For the deprecated coco function this is a
data.frame of co-occurrence counts as returned by
corp_get_counts.
A character vector of node types or character string
representing a single node type.
A character vector of collocates types or character string
representing a single collocate type.
The collocates essentially act as a filter on the y column
of the returned data structure. collocates should be used to
target the testing; reducing the number of tests will reduce the loss
of power from the multiple test correction.
The desired level at which to control the False Discovery Rate.
Default value is 0.01.
The corp_coco function implements the method introduced in Wiegand and Hennessey et al. (2017a) (described in more detail from a linguistic perspective in Wiegand, 2019).

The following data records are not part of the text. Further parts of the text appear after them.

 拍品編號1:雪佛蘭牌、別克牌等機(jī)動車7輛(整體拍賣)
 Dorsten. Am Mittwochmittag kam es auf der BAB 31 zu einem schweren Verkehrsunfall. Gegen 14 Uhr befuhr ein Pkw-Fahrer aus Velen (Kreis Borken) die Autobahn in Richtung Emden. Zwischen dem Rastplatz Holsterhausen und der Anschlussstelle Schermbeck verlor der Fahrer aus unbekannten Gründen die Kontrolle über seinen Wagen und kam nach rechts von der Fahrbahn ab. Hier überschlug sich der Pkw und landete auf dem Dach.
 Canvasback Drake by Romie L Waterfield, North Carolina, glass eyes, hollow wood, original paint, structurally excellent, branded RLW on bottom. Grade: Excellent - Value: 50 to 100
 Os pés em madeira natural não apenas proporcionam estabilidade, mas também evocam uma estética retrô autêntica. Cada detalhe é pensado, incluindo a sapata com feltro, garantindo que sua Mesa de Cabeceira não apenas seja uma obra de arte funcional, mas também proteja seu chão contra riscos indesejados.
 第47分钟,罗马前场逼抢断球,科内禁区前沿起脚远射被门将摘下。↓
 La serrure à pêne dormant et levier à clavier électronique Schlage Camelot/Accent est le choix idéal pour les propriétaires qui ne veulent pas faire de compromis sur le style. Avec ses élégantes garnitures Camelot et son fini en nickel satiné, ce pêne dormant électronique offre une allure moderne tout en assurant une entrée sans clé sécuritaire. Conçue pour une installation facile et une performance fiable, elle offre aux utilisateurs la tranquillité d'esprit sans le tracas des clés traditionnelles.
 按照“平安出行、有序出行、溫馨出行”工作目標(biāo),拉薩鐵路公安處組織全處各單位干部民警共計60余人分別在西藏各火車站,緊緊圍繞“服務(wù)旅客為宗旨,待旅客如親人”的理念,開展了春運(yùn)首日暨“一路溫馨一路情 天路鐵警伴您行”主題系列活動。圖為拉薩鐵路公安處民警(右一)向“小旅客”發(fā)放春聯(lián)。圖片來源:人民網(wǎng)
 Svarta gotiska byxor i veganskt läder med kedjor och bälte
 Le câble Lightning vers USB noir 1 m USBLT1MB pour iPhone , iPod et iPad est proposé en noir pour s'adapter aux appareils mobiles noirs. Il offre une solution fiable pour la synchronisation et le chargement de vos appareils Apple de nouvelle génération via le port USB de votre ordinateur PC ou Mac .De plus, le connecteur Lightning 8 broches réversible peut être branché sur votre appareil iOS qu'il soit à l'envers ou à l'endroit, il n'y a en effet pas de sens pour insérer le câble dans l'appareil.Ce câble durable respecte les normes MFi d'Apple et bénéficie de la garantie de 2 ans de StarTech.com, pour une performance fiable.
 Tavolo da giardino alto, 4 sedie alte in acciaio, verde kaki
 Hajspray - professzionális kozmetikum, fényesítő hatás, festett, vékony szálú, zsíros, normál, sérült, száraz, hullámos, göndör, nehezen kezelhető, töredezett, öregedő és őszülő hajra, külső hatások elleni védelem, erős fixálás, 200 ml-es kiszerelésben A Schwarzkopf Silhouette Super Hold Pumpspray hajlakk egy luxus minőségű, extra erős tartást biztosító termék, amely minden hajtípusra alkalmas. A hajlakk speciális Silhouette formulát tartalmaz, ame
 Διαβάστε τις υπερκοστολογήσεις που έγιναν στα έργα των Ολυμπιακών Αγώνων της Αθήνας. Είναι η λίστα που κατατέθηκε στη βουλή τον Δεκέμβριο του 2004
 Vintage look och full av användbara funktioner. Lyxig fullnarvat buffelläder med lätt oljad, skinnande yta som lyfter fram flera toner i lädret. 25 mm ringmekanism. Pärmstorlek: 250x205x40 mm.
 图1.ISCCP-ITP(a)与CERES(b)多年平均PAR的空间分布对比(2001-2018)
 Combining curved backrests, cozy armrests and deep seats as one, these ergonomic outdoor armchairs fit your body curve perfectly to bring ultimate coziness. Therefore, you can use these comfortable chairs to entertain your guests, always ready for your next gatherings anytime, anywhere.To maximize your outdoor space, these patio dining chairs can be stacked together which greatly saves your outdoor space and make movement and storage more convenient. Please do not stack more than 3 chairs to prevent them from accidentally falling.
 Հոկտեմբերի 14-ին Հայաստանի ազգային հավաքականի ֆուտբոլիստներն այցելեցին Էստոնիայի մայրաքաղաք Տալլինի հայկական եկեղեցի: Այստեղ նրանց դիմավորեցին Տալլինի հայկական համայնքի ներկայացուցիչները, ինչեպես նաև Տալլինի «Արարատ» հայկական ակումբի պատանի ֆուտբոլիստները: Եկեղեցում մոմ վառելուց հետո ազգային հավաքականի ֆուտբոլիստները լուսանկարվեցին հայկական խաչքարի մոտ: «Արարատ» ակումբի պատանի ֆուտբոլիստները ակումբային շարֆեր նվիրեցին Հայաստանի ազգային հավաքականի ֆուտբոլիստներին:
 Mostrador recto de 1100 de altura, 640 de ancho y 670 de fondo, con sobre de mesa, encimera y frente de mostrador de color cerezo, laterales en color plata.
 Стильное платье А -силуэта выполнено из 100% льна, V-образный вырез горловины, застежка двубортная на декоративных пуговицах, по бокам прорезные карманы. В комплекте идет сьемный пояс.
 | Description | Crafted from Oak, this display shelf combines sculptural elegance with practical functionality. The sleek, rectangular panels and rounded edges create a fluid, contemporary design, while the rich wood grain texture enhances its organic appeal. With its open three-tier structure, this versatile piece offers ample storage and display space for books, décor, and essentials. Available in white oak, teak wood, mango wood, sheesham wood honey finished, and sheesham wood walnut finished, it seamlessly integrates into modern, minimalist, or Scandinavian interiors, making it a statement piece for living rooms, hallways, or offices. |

fdr indicates the level at which the False Discovery Rate will be
controlled because the method carries out a large number of tests.
For a description of the form of FDR used see Benjamini and Hochberg (1995).
For description of the p_adjusted column in the returned structure see
p.adjust.
The returned data structure is a data.table.
A data.table is also a data.frame and will behave exactly
as such if the data.table library is not loaded.
The returned data.table contains details of all the
co-occurrences for which there is evidence of a difference in
co-occurrence between the two supplied data sets.
The effect size is calculated as the log base 2 of the odds ratio.
The effects size and its confidence interval are captured in the
effect_size, CI_lower and CI_upper columns.
The p_value column contains the non-adjusted p-value from the
Fisher's Exact Test.
Y. Benjamini and Y. Hochberg (1995) Controlling the False Discovery Rate: A Practical and Powerful Approach to Multiple Testing. Journal of the Royal Statistical Society. Series B (Methodological) 57 (1)289–300.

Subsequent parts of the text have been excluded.